To some degree our imaginations power magical practice. A good magician or Witch has to be able to focus on what they want and visibly see what it is they wish to manifest. Sometimes I think linking a tradition to a mythic past, no matter how recent that tradition might be, gives the magic a little extra energy. People seem to like elaborate histories and connections to famous figures. The Key of Solomon doesn’t contain any wisdom from Solomon (if he even existed) but he was a fellow user of magic. Invoking his name connects me to that current in a way that a dubious history never will.

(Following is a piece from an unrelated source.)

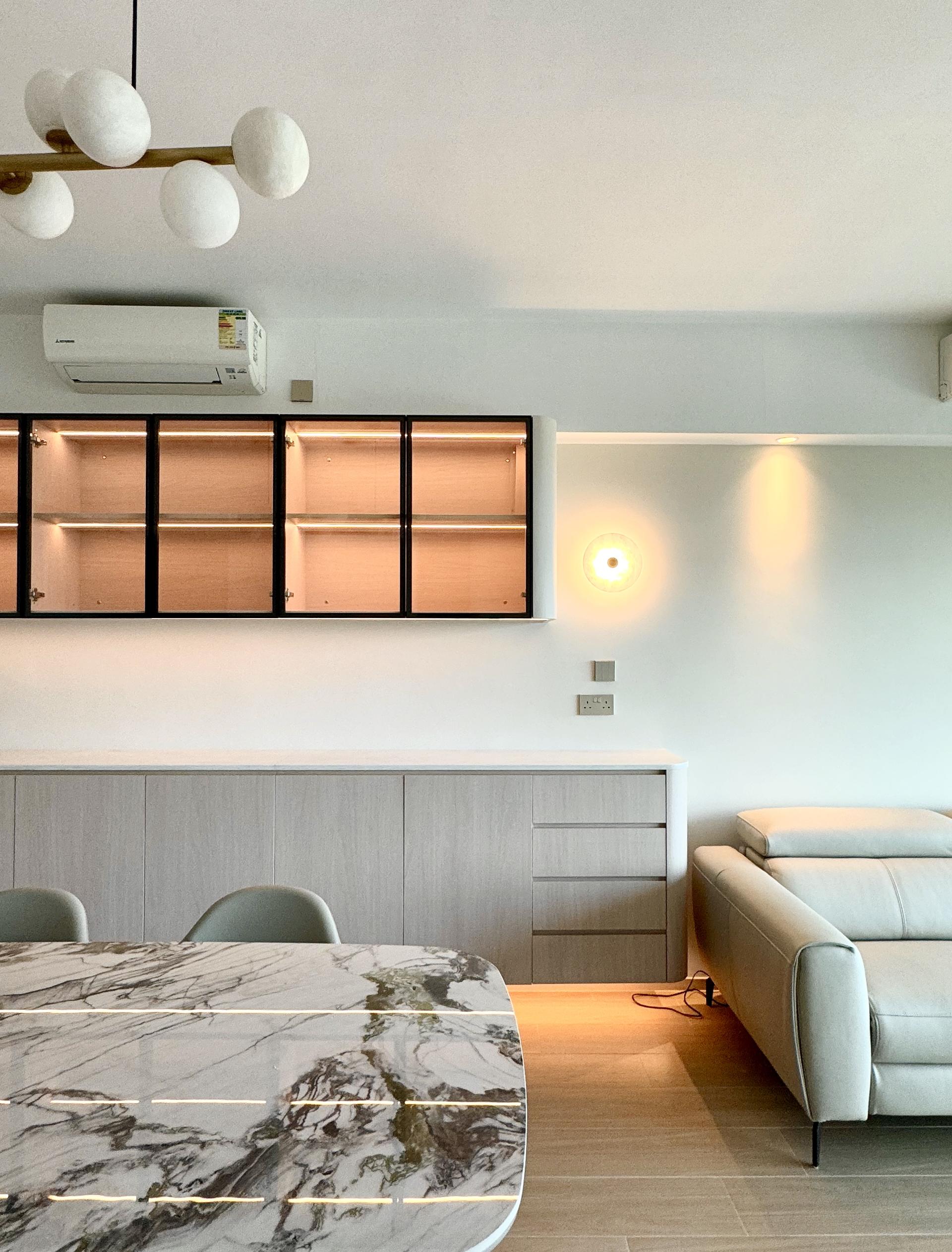 Originally configured as a 1-living-room, 3-bedroom unit with a master ensuite and maid’s room, this residence was redesigned to meet the lifestyle needs of a retired couple and their two adult children. The challenge was to create a layout that blends the aesthetic preferences of two generations while optimizing space and functionality.

So does authenticity matter? I think things have more power when they are attached to truth, which is one of the reasons I spend so much time reading and writing about history. However belief in a mythic past powers the magic of many magicians. In the end it’s more about what works and doesn’t work. I also don’t have an easy yes or no answer. Gerald Gardner once said that “witches are consummate leg-pullers; they are taught it as part of their stock and trade,” and apparently so are grimoire writers.


1. From “Grimoires: A History of Magic Books” by Owen Davies, Oxford University Press, 2009. That bit came form page 15.

*I tend to use the 1939 as the starting date of the Modern Craft because that’s the year Gerald Gardner was initiated in New Forest. I’m relatively sure that other people were practicing forms of what today would call Witchcraft even earlier than that.